Reaction to “Numbers that Made the World, Pt. 3″

I thought the third part of the series was the strongest in at least one sense — this is the part that seemed to most fully and most compellingly do what it set out to do, which was to show how numbers are interwoven into the world all around us.  Specifically they examine music, architecture, the universe (in terms both cosmological and spiritual), and the future.

The discussion, which I applaud everyone involved for taking the time necessary to do properly, was a beautiful beautiful thing.  Numbers are built into the human musical impulst in a deeply primal way.  Simultaneously eerie and true.  Whatever the reason, whatever the explanation, aesthetically pleasing harmonies correspond to ratios (of frequencies, of string lengths, etc.) which have very good approximations by fractions with very small numerator and denominator.  And that’s been true for a lot longer than humanity has had knowledge of that fact or the sophistication of language to verbalize it.  But how can that be?  What is responsible for that?  Does the string know about rational approximation theory (a sophsticated subject in its own right)?  Is there a little mathematician in my ear who works out the frequency ratios and tells me how pleasant I think the chord is?  Spooky.

(Incidentally, the experiment described with a plucked string is one you should all actually do.  Strings are visibly, discernibly, dramatically “happier” to vibrate in ways corresponding to simple fractions.)

The remarks about contradictions and multiple universes and truths in connection with the tango are mathematically deep, maybe deeper than anything else in the program.  This distinction between truth as used in mathematics, in metamathematics, and in common discourse, deserves a lot more attention.  This may be the piece of the core of mathematics most misunderstood by nonmathematicians.  (From now on, I will think about this as the Tango Principle of mathematics.)  You should all listen to this program just for that clip, even if you haven’t listened to any of the other parts.

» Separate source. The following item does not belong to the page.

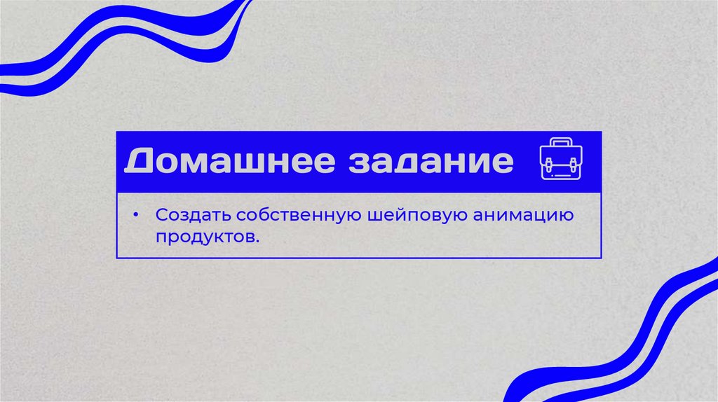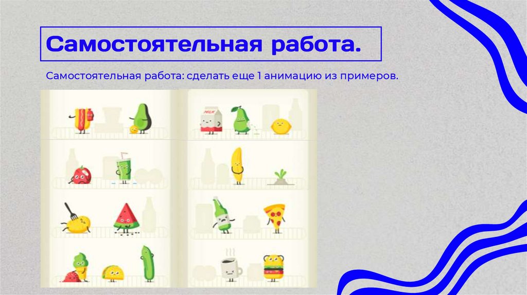 Самостоятельная работа: сделать еще 1 анимацию из примеров.26. Создать собственную шейповую анимацию продуктов.

I’m glad that so much was made on zero and  the nature of zero.  Zero is a deep and powerful idea, and its discovery/invention was a major milestone in numnber systems.  It is absolutely essential to any kind of place-value-based system, which as I’ve already said comprise an important innovation.  The digression into Hindu and Buddhism conceptions of being and nothingness might have seemed out of place, but for once I don’t think so.  A very large part of making sense of mathematics is making sense of the difference between zero and nothing, of understanding the nature of identity operators.  I never thought of zero objects as corresponding to the “full void” notion in Buddhism, but there is something there.

I have mixed feelings about the concluding paragraph, which was excerpted from a book by the presenter Cecil Balmond, and which, it is obvious from the emotion in his voice as he read it, carries great significance and weight for him personally.  I’ll just say that 1) I didn’t get it and 2) it’s not the kind of note I would have chosen to end on.  It felt like a psalm from some numbery religion.  The reason I would not have ended that way is this: the average person finds math inscrutable enough, finds statements about the interestingness of numbers headache-inducing enough, that adding a layer of mystification seems unhelpful to me.  Maybe that’s why I am an educator and he has a show on the BBC (and the mathematician he spoke to about the Google age of numerocrats, Keith Devlin, is the official mathematician of NPR).  That said, to the extent I understand his mystical language, I agree with what he says.  Numbers and patterns describe our thoughts and our ideas and our lives, and simultaneously they transcend all these.  Numbers infuse our mental, practical, and spiritual lives in ways we understand and in ways we don’t understand.